Use .describe() to get summary statistics:

staff.describe()

Use .quantile() to get quantiles:

df = pd.DataFrame([2, 3, 1, 4, 3, 5, 2, 6, 3])
df.quantile(q=[0.25, 0.75])

Use .drop() to remove rows. This will return a copy with the modifications and leave the original untouched unless you include the argument inplace=True.

staff.drop([1])
# Note that because we didn't say inplace=True,
# the original is unchanged
staff

There are many ways to construct a DataFrame. For example, from a Series or dictionary of Series, from a list of Python dicts, or from a 2-D NumPy array. There are also utility functions to read data from disk into a DataFrame, e.g. from a .csv file or an Excel spreadsheet. We’ll cover some of these later.

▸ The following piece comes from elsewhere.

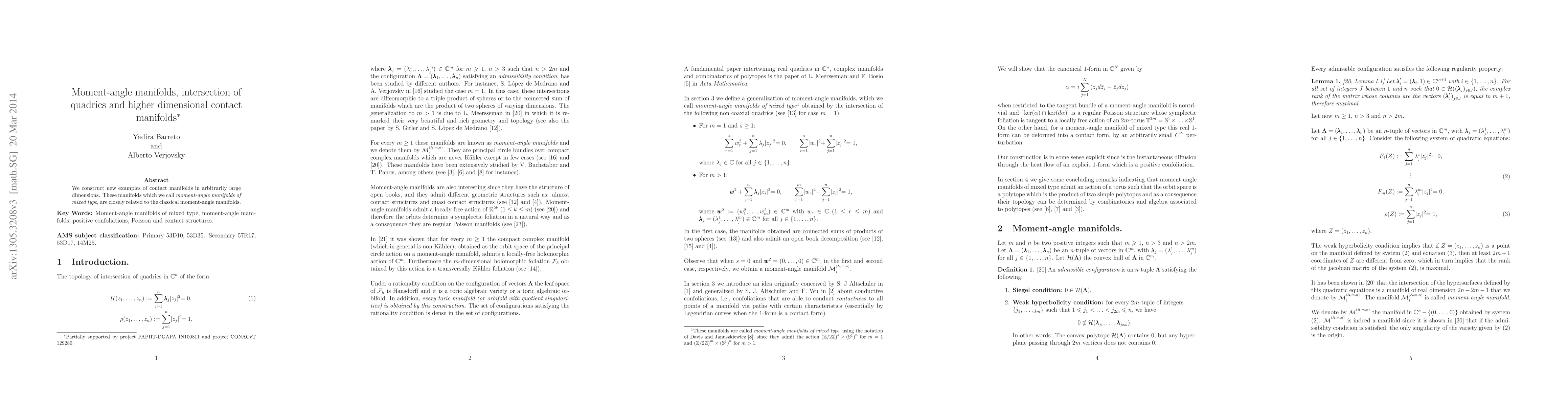 Summary: This paper constructs quasi moment-angle manifolds as new examples of higher-dimensional contact manifolds, establishing a close relationship with classical moment-angle manifolds. These manifolds provide insight into the intersection of quadrics and the structure of contact geometry in large dimensions.

Many DataFrame operations take an axis argument which defaults to zero. This specifies whether we want to apply the operation by rows (axis=0) or by columns (axis=1).

You can drop columns if you specify axis=1:

staff.drop(["Fulltime"], axis=1)

Another way to remove a column in-place is to use del:

del staff["Department"]
staff

You can change the index to be some other column. If you want to save the existing index, then first add it as a new column:

staff['Number'] = staff.index
staff
# Now we can set the new index. This is a destructive
# operation that discards the old index, which is
# why we saved it as a new column first.
staff = staff.set_index('Name')
staff

Alternatively you can promote the index to a column and go back to a numeric index with reset_index():

staff = staff.reset_index()
staff
example_data = {'animal': ['cat', 'cat', 'snake', 'dog', 'dog', 'cat', 'snake', 'cat', 'dog', 'dog'],
           'age': [2.5, 3, 0.5, np.nan, 5, 2, 4.5, np.nan, 7, 3],
           'visits': [1, 3, 2, 3, 2, 3, 1, 1, 2, 1],
           'priority': ['yes', 'yes', 'no', 'yes', 'no', 'no', 'no', 'yes', 'no', 'no']}
# Put your code to create the DataFrame here
# Generate a summary of the data
# Calculate the sum of all the visits (the total number of visits)

Turning in homeworks

When you are finished with this notebook. Save your work in order to turn it in. To do this select File->Download As…->PDF.

Homeworks will be submitted according to the instructions provided in class.